Crystal Echols, an English teacher at the Future School, sent her 15-year-old daughter Onesty Thomas on one of the outings this summer.

“She wanted to do the kayak tour, but I wasn’t sure. I was a little nervous because she was on the water the whole trip. But I want her to be able to travel, so I agreed to backpacking. I grew up with Girl Scouts. I grew up outdoors. I want my children to experience that too.”

Echols said the two have had many conversations about it since then.

“I think she’s been communicating more since she came back,” Echols said. “I’ll say I think she’s thinking about things a little bit more (since she got back from the trip) than just acting or reacting.

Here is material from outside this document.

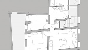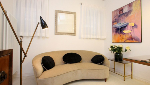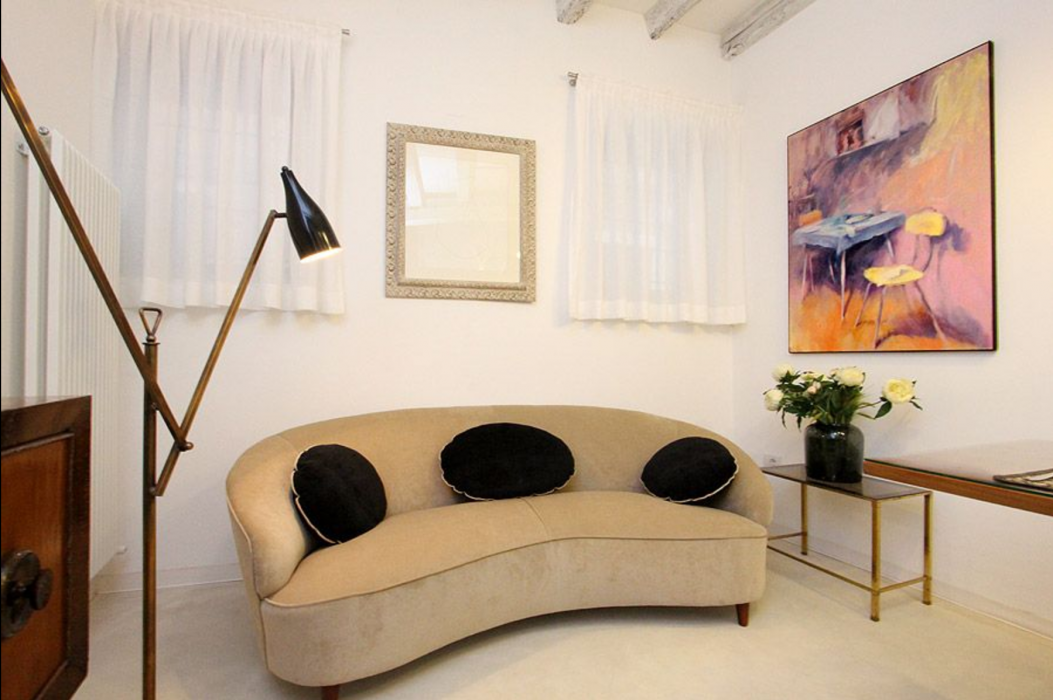 This apartment is furnished with some interesting designer pieces and modern antiques, the color palette is soft but warm, the flooring is particularly interesting as a result of the use of ribbed concrete material.

I think she’s learned to process her thoughts.”

The experience was very different from the sporting activities and sports-related trips her children have taken in the past, and she looks forward to her other two children participating in similar trips in the future. She has also given her permission for Thomas to join the kayak trip next summer.

Thomas said with no family plans to leave town this summer and with much disruption from the COVID-19 pandemic over the past two years, she is keen to take part in the adventures of the outdoor program this summer.

“At first I was a bit scared. That first night I worried that there might be a bear in front of our tent. But after the first night everything was ok. I had a lot of fun,” she said.

Of the lessons learned over the five days, Thomas said the most important was not to judge people.

“We talked a lot about it. Everyone there was just really nice. It was a great experience,” she said.

Thomas plans to be on at least one of the adventures next summer and said the school’s summer outdoor program is very important to the community as a whole.

“There are so many children who don’t go outside. I think it’s something they have to try,” she said.